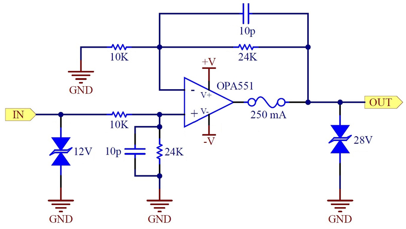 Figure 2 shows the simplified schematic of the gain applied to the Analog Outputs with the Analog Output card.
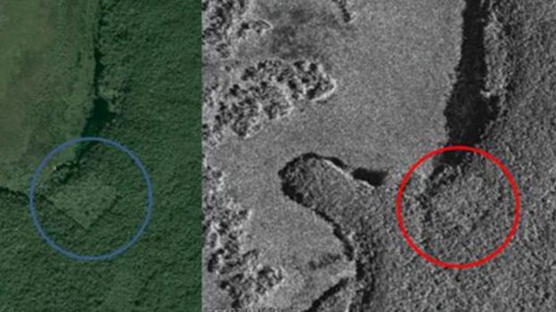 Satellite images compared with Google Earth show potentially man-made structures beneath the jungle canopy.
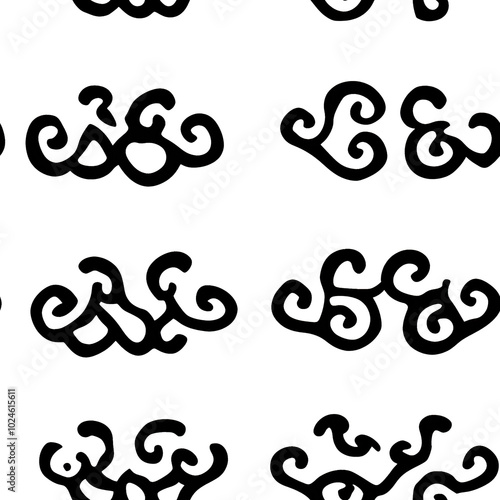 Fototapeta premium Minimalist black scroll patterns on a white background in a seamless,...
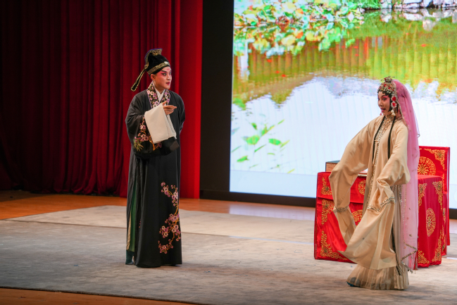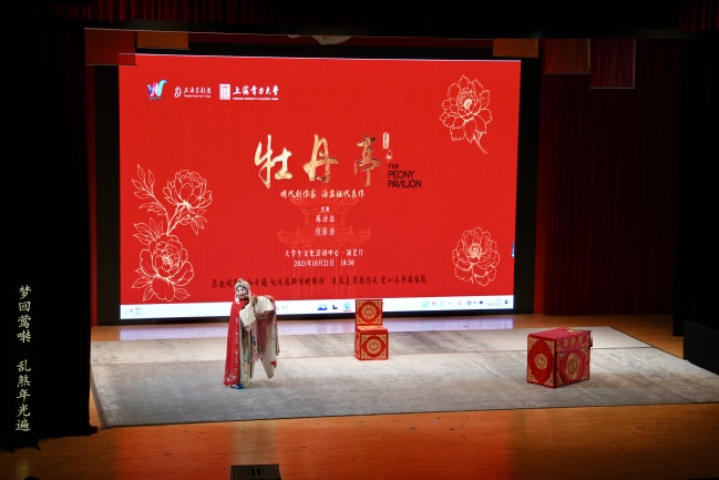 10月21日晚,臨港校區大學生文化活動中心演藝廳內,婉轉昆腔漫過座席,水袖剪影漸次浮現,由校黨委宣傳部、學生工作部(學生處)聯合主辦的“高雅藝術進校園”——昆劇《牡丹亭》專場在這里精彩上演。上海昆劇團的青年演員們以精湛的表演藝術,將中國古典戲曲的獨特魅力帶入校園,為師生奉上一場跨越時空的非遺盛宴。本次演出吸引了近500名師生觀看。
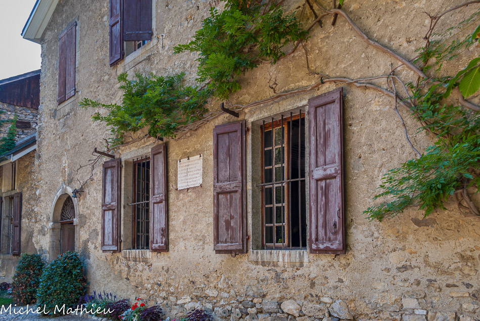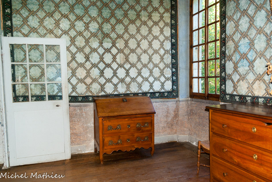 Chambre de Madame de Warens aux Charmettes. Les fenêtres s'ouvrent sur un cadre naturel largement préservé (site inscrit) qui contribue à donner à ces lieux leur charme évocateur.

#### Exercise objective
Here the job is to quote the lines from the one with "Fototapeta premium Minimalist" through the end of the material, both included, exactly; please skip the pictures.

#### Result of the task
 Fototapeta premium Minimalist black scroll patterns on a white background in a seamless,...
 10月21日晚,臨港校區大學生文化活動中心演藝廳內,婉轉昆腔漫過座席,水袖剪影漸次浮現,由校黨委宣傳部、學生工作部(學生處)聯合主辦的“高雅藝術進校園”——昆劇《牡丹亭》專場在這里精彩上演。上海昆劇團的青年演員們以精湛的表演藝術,將中國古典戲曲的獨特魅力帶入校園,為師生奉上一場跨越時空的非遺盛宴。本次演出吸引了近500名師生觀看。
 Chambre de Madame de Warens aux Charmettes. Les fenêtres s'ouvrent sur un cadre naturel largement préservé (site inscrit) qui contribue à donner à ces lieux leur charme évocateur.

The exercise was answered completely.